X BV geeft in 2015 een verhuuropdracht af voor de verhuur van 77 appartementen die worden gebouwd in een kantoorpand in bezit van een concernvennootschap. Ook sluit X BV een vastgoedbeheerovereenkomst met een derde. X BV wordt in 2016 eigenaar van het gebouw. In de periode mei tot oktober 2017 sluit X BV huurovereenkomsten met huurders alsook meerdere servicecontracten met derden voor aanvullende diensten. In oktober 2017 verkoopt X BV het gebouw aan een beleggingsmaatschappij. Daarbij wordt geen BTW in rekening gebracht. De inspecteur legt een BTW-naheffingsaanslag op aan X BV. Hof Arnhem-Leeuwarden oordeelt dat sprake is van een overgang van een algemeenheid van goederen in de zin van art. 37d Wet OB 1968. X BV is verbintenissen voor langere tijd aangegaan, voordat een koper is gevonden, waardoor sprake is van de exploitatie van een vermogensbestanddeel om er duurzaam opbrengst uit te verkrijgen. Het gelijk is aan X BV en de naheffingsaanslag wordt vernietigd. De staatssecretaris gaat in cassatie. Volgens de staatssecretaris bestaat de economische activiteit van X BV uit ‘projectontwikkeling’ en heeft de koper niet de bedoeling om deze activiteit voort te zetten. In de ogen van de staatssecretaris is daarom sprake van een levering van een goed zonder meer. Na een grondige analyse adviseert Advocaat-generaal Ettema de Hoge Raad uiteindelijk om het beroep in cassatie van de staatssecretaris ongegrond te verklaren.

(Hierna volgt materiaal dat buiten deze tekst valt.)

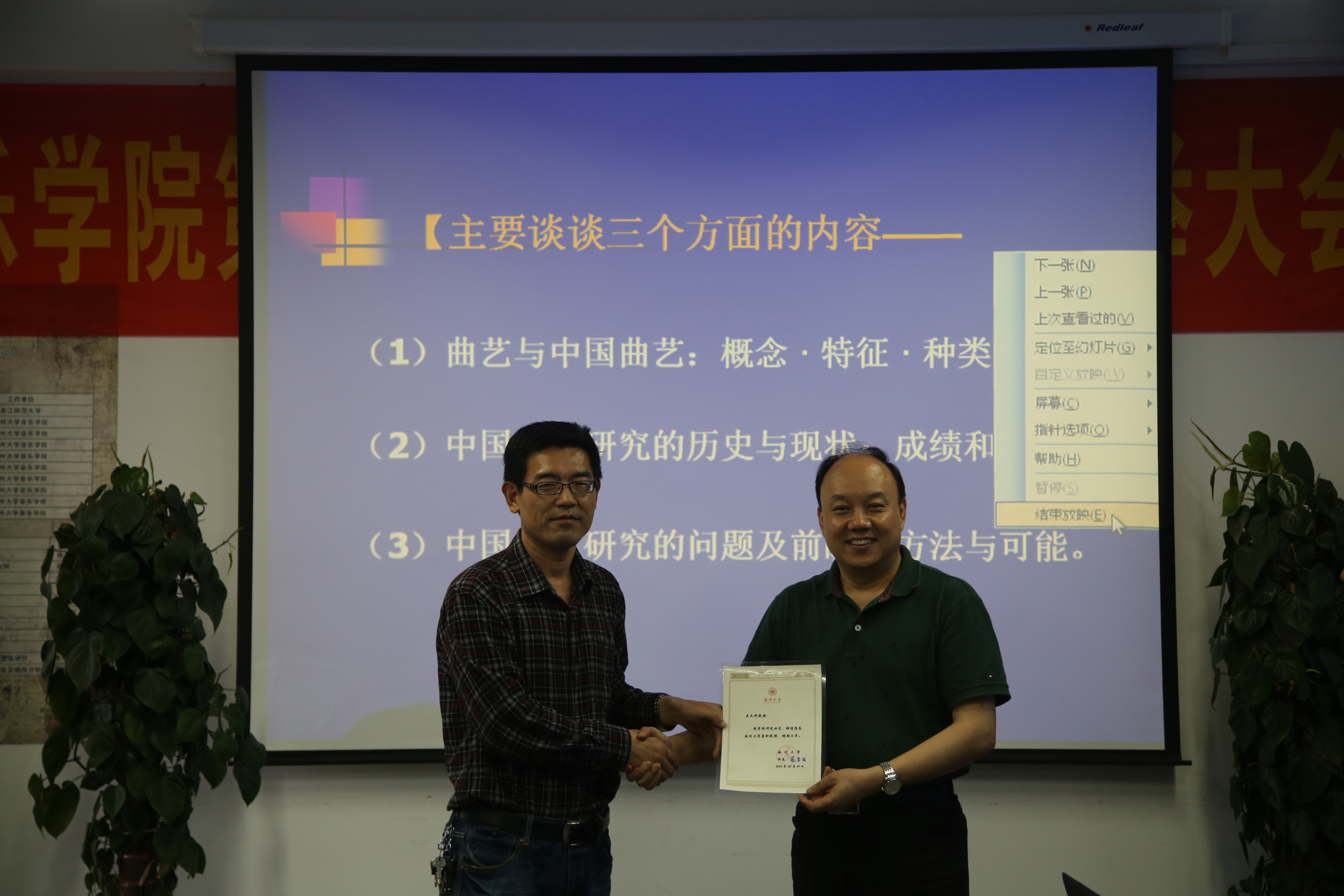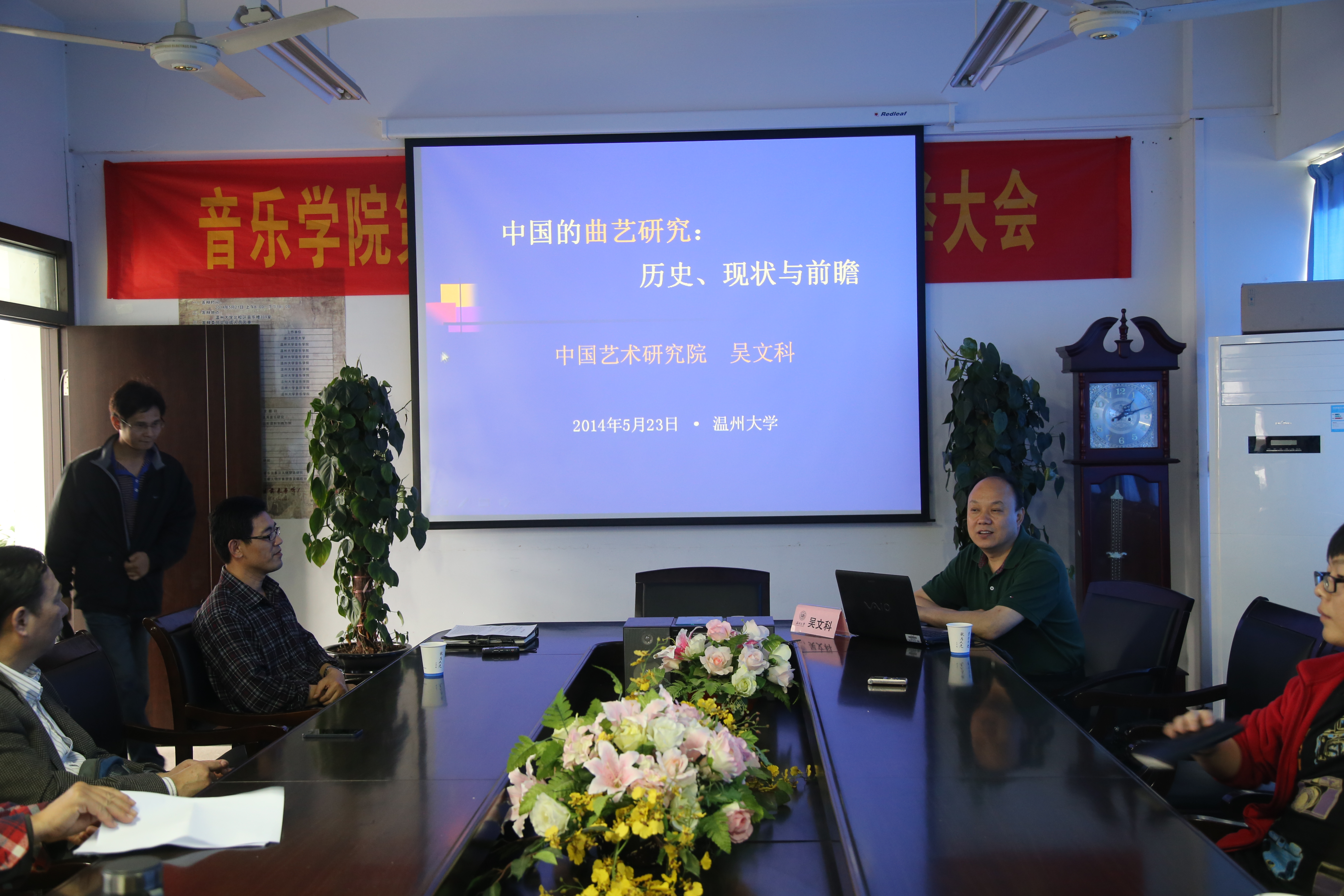 特邀中国艺术研究院曲艺研究所所长,研究员,博士生导师,中国曲艺家协会副主席,国家非物质文化遗产保护工作专家委员会委员吴文科教授莅临举办了主题为“中国的曲艺研究:历史、现状与前瞻”的学术讲座。讲座正式开始之前,赵玉卿院长对吴文科教授的研究领域做出介绍,对其学术成果做出高度评价,全球博彩平台大全网站

De Hoge Raad stelt prejudiciële vragen aan het Hof van Justitie EU in de zaak van X BV waar aan de orde is of art. 37d Wet OB 1968 van toepassing is bij de levering van een onroerende zaak dan wel een complex onroerende zaken. De Hoge Raad merkt daarbij op dat de zaak van X BV er een is van diverse rechtszaken waarin deze vraag aan de orde is. Ook overweegt de Hoge Raad dat het hof in het midden heeft gelaten of de stelling van X BV dat de levering van het woonappartementencomplex is vrijgesteld van BTW juist is. Het hof heeft dit gedaan omdat in zijn ogen art. 37d Wet OB 1968 van toepassing is, en dat de naheffingsaanslag daarom moet worden vernietigd. De Hoge Raad stelt uiteindelijk de volgende twee vragen:

1. Strekt art. 19, eerste alinea, van BTW-richtlijn 2006 zich uit tot de levering van een onroerend goed (woonappartementencomplex) dat uitsluitend is gebruikt voor een economische activiteit die krachtens art. 135 BTW-richtlijn 2006 is vrijgesteld (in dit geval verhuur als bedoeld in art. 135 lid 1 letter l BTW-richtlijn 2006), wanneer de verkoper ter zake van dit onroerende goed geen recht op aftrek heeft genoten, en die levering dus al op grond van art. 136, aanhef en letter a, van BTW-richtlijn 2006 is vrijgesteld, en, zo niet, strekt art. 19, eerste alinea, van BTW-richtlijn 2006 zich uit tot de levering van een onroerend goed (woonappartementencomplex) wanneer die levering op grond van art. 135 lid 1 aanhef en letter j BTW-richtlijn 2006 is vrijgesteld?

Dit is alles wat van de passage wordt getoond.